本研究旨在比较在光子计数探测器(PCD)CT系统上,有锡预过滤和无锡预过滤的计算机断层扫描(CT)中虚拟单能图像(VMI)重建在减少术后踝关节金属植入物伪影方面的有效性和临床实用性。

材料与方法

这项回顾性研究纳入了2023年3月至10月期间在PCD CT扫描仪上进行有锡预过滤(Sn)和无锡预过滤扫描的踝关节内固定患者。两种扫描方式(分别为VMI Sn和VMI Std)均使用骨内核,以10 keV增量重建60至190 keV之间的虚拟单能图像。通过噪声测量评估最显著的近金属图像失真处的伪影减少情况,并在不同扫描方式之间以及多色图像和VMI之间进行比较。三位阅片者评估5个重建层面的骨愈合可见性以及图像的可解释性和伪影程度。

结果

本研究共纳入48例患者(21例女性,27例男性;平均年龄55.1±19.4岁)。与无锡预过滤扫描(n = 18)相比,有锡预过滤扫描(n = 30)的多色图像和VMI的伪影水平更低(P≤0.043)。与多色图像相比,VMI Sn≥120 keV时金属伪影显著减少(高密度伪影:40.2 HU[四分位数间距(IQR)39.8]对14.0 HU[IQR 11.1];P≤0.01;低密度伪影:91.2 HU[IQR 82.4]对29.7 HU[IQR 39.6];P≤0.001)。

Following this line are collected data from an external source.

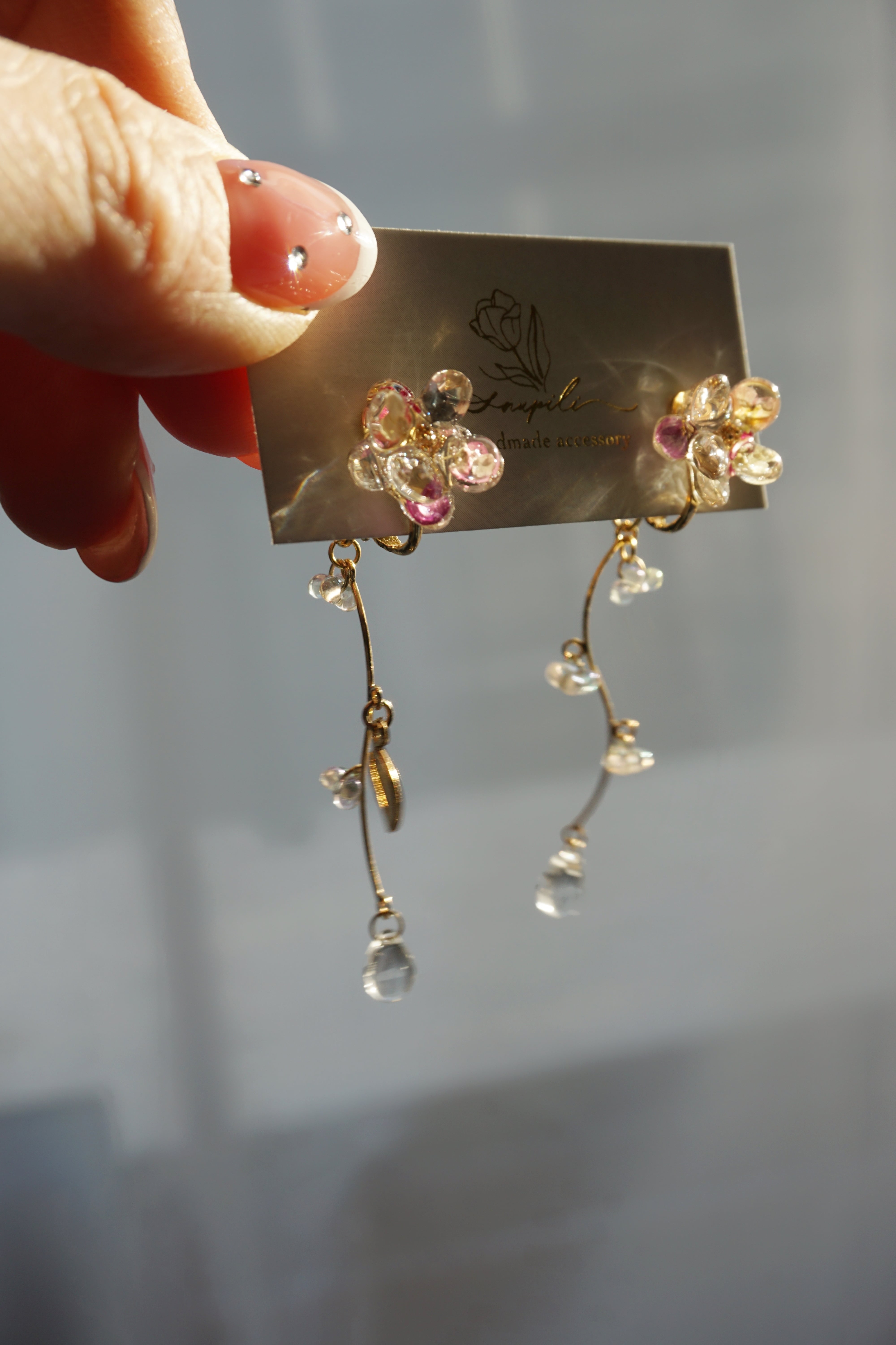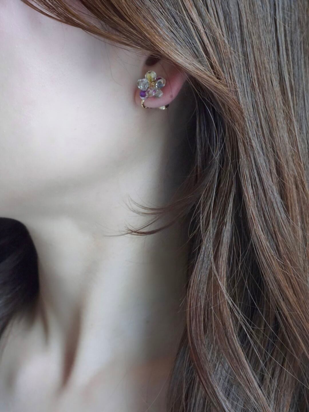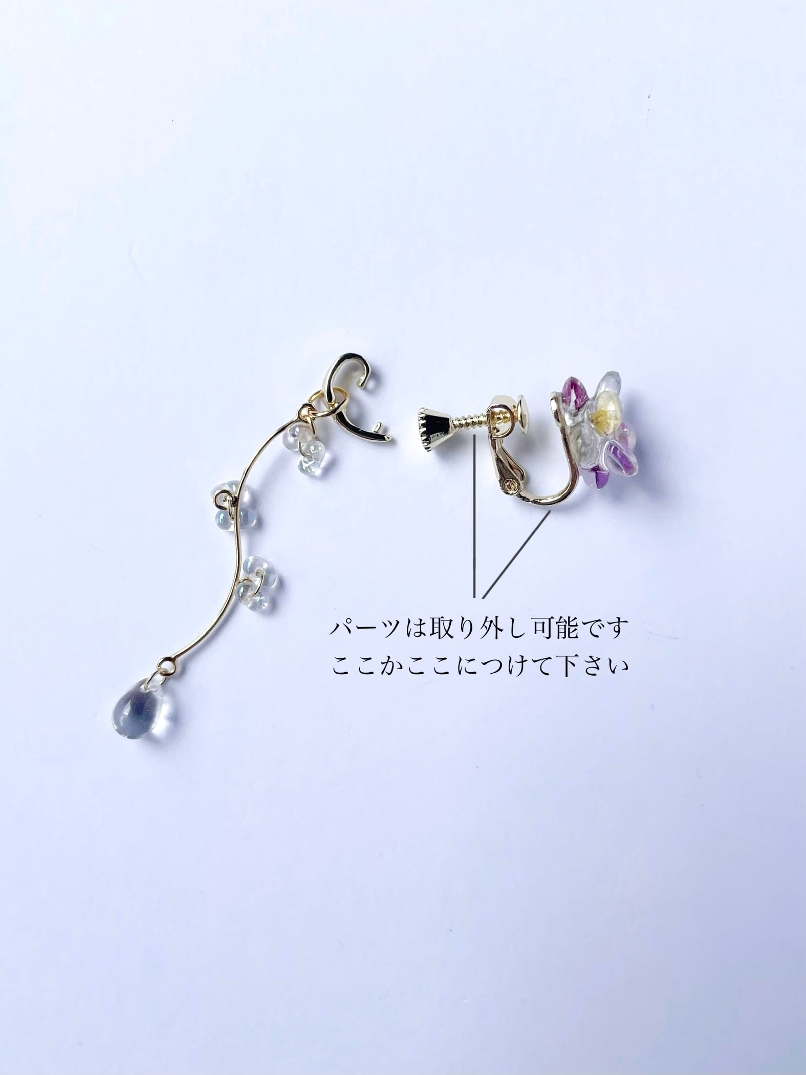 お花は1cmほどの大きさなので、シンプルにお花だけでつけたり、気分に合わせて揺れるパーツをつけたりしてお楽しみ下さい。
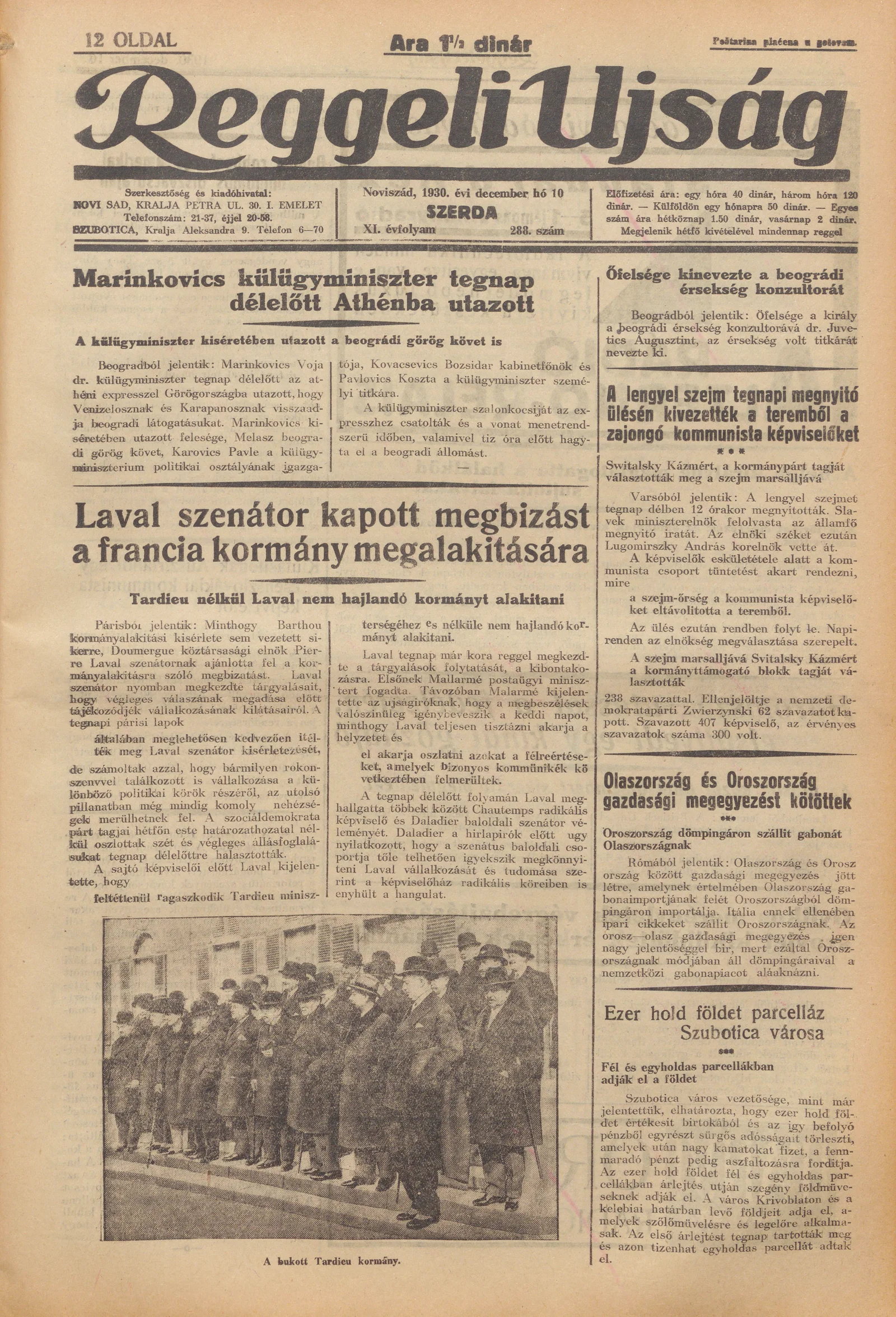 Reggeli Újság, 11. évf. 1930. december 10. 288. sz.
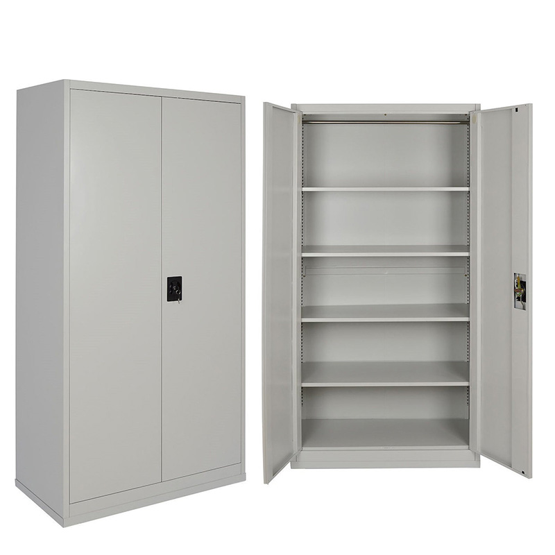 Δίφυλλη μεταλλική ντουλάπα με 4 ρυθμιζόμενα ράφια, ράβδο για κρεμάστρες, κλειδαριά, χωρίς πόδια, κατασκευασμένη από γαλβανιζέ χάλυβα πάχους 0,6mm (πόρτες/πλευρές/οροφή) και 0,8mm (πάτωμα), βαμμένη με ειδική ηλεκτροστατική βαφή για maximum αντοχές στις καιρικές συνθήκες και τις διαβρώσεις.

对于VMI Std,≥100 keV的重建图像也有同样情况(高密度伪影:57.7 HU[IQR 33.4]对19.4 HU[IQR 27.6];P≤0.001;低密度伪影:106.9 HU[IQR 76.1]对57.4 HU[IQR 55.7];P≤0.021)。在骨愈合可见性方面,120 keV的VMI Sn与多色图像相比评分更高(P≤0.001),而图像可解释性评分更好(P = 0.023),伪影程度评分更低(P≤0.001)。

结论

与多色图像相比,120 keV的有锡预过滤VMI显示金属伪影显著减少,同时骨愈合可见性和图像可解释性得到改善。因此,有锡预过滤的PCD CT结合VMI重建可能是金属植入物患者踝关节术后CT成像的有益补充。